▶ _Input material_:
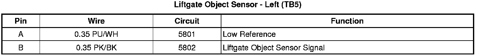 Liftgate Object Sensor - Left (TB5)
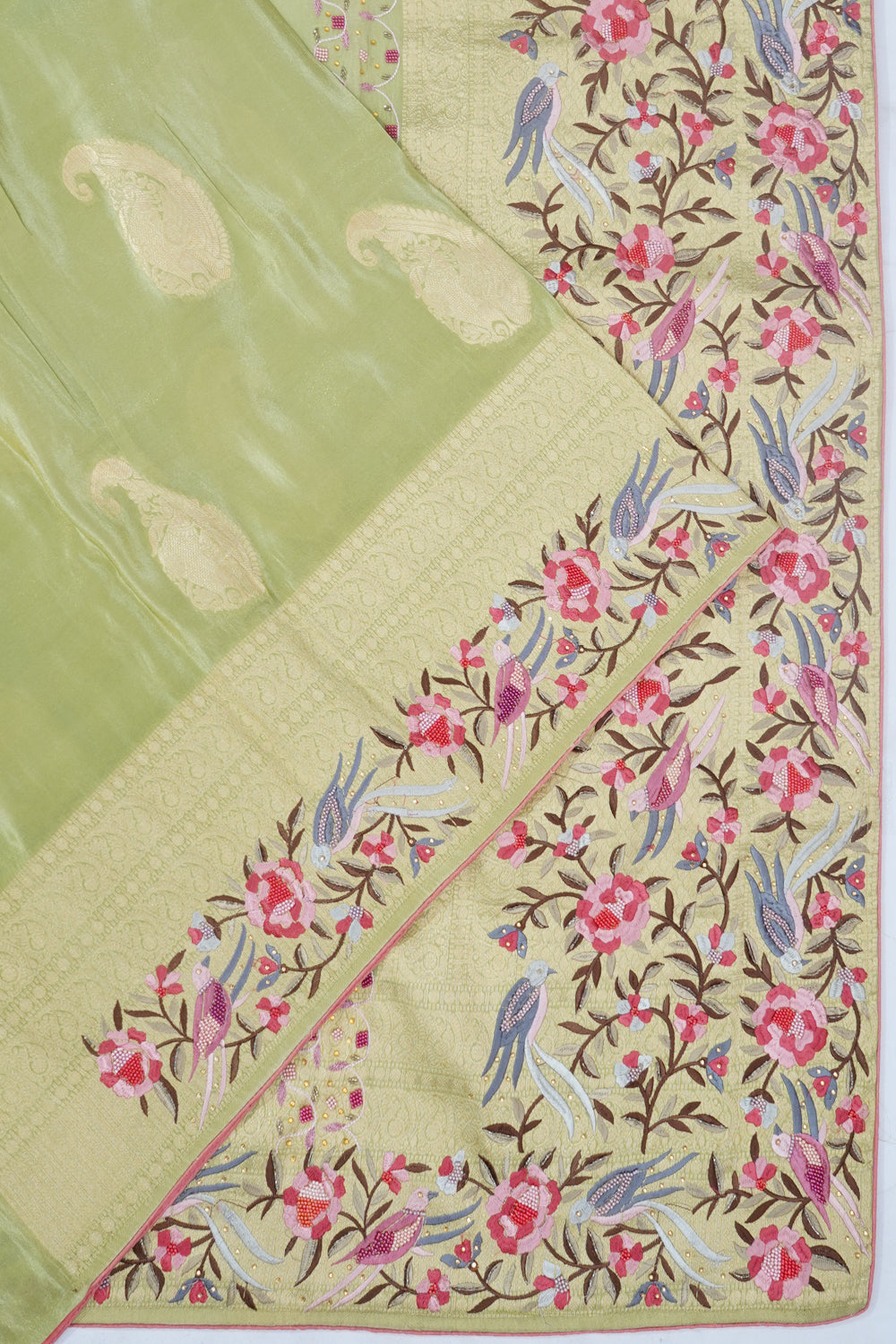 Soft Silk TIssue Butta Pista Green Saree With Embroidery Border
==
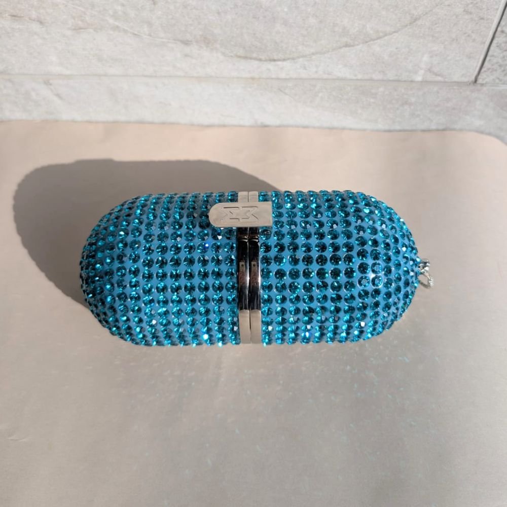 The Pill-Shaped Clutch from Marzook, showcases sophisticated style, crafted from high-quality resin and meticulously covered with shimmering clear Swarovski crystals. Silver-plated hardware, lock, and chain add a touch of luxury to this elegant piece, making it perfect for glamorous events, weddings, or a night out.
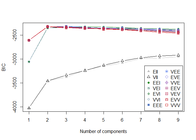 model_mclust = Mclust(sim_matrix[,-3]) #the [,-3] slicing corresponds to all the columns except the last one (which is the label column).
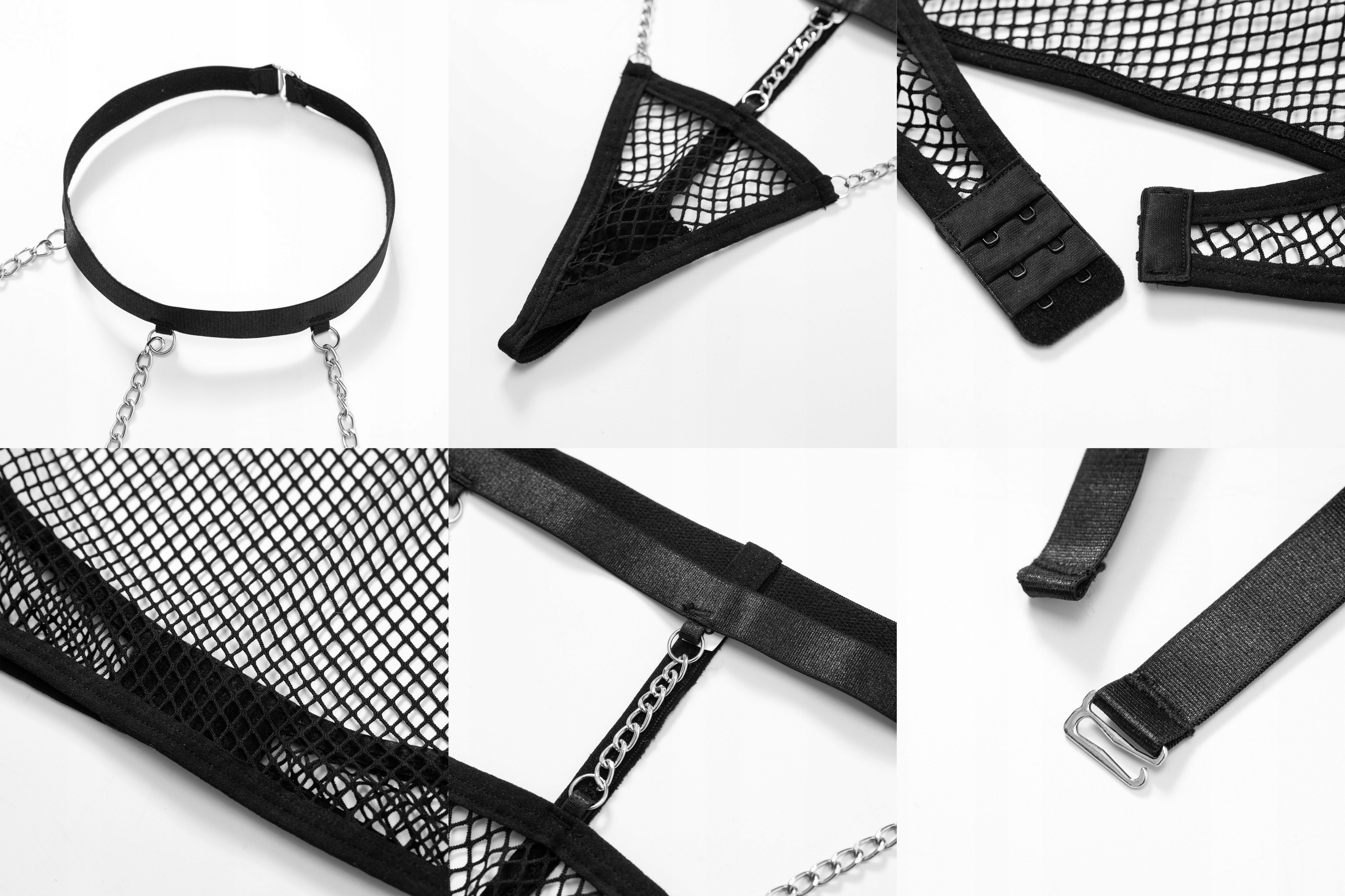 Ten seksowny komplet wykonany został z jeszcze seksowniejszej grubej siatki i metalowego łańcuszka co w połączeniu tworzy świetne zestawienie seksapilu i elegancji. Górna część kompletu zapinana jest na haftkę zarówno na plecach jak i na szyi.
* * *
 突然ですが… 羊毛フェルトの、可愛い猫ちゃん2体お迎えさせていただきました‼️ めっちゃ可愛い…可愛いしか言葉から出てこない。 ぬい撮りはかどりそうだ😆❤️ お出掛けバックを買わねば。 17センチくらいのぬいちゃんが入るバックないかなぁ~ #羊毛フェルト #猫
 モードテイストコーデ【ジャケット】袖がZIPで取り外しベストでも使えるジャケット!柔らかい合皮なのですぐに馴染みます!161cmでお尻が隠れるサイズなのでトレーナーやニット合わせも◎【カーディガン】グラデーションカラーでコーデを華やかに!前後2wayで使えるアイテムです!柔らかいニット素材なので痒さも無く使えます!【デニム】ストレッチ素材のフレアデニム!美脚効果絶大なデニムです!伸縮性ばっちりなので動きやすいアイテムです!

▶ _Exercise goal_: Please give an exact copy of the entries above, from the line with "突然ですが… 羊毛フェルトの、可愛い猫ちゃん2体お迎えさせていただきました‼️ めっちゃ可愛い…可愛いしか言葉から出てこない。" down to the line with "モードテイストコーデ【ジャケ", inclusive, and nothing else.

▶ _Task response_:
 突然ですが… 羊毛フェルトの、可愛い猫ちゃん2体お迎えさせていただきました‼️ めっちゃ可愛い…可愛いしか言葉から出てこない。 ぬい撮りはかどりそうだ😆❤️ お出掛けバックを買わねば。 17センチくらいのぬいちゃんが入るバックないかなぁ~ #羊毛フェルト #猫
 モードテイストコーデ【ジャケット】袖がZIPで取り外しベストでも使えるジャケット!柔らかい合皮なのですぐに馴染みます!161cmでお尻が隠れるサイズなのでトレーナーやニット合わせも◎【カーディガン】グラデーションカラーでコーデを華やかに!前後2wayで使えるアイテムです!柔らかいニット素材なので痒さも無く使えます!【デニム】ストレッチ素材のフレアデニム!美脚効果絶大なデニムです!伸縮性ばっちりなので動きやすいアイテムです!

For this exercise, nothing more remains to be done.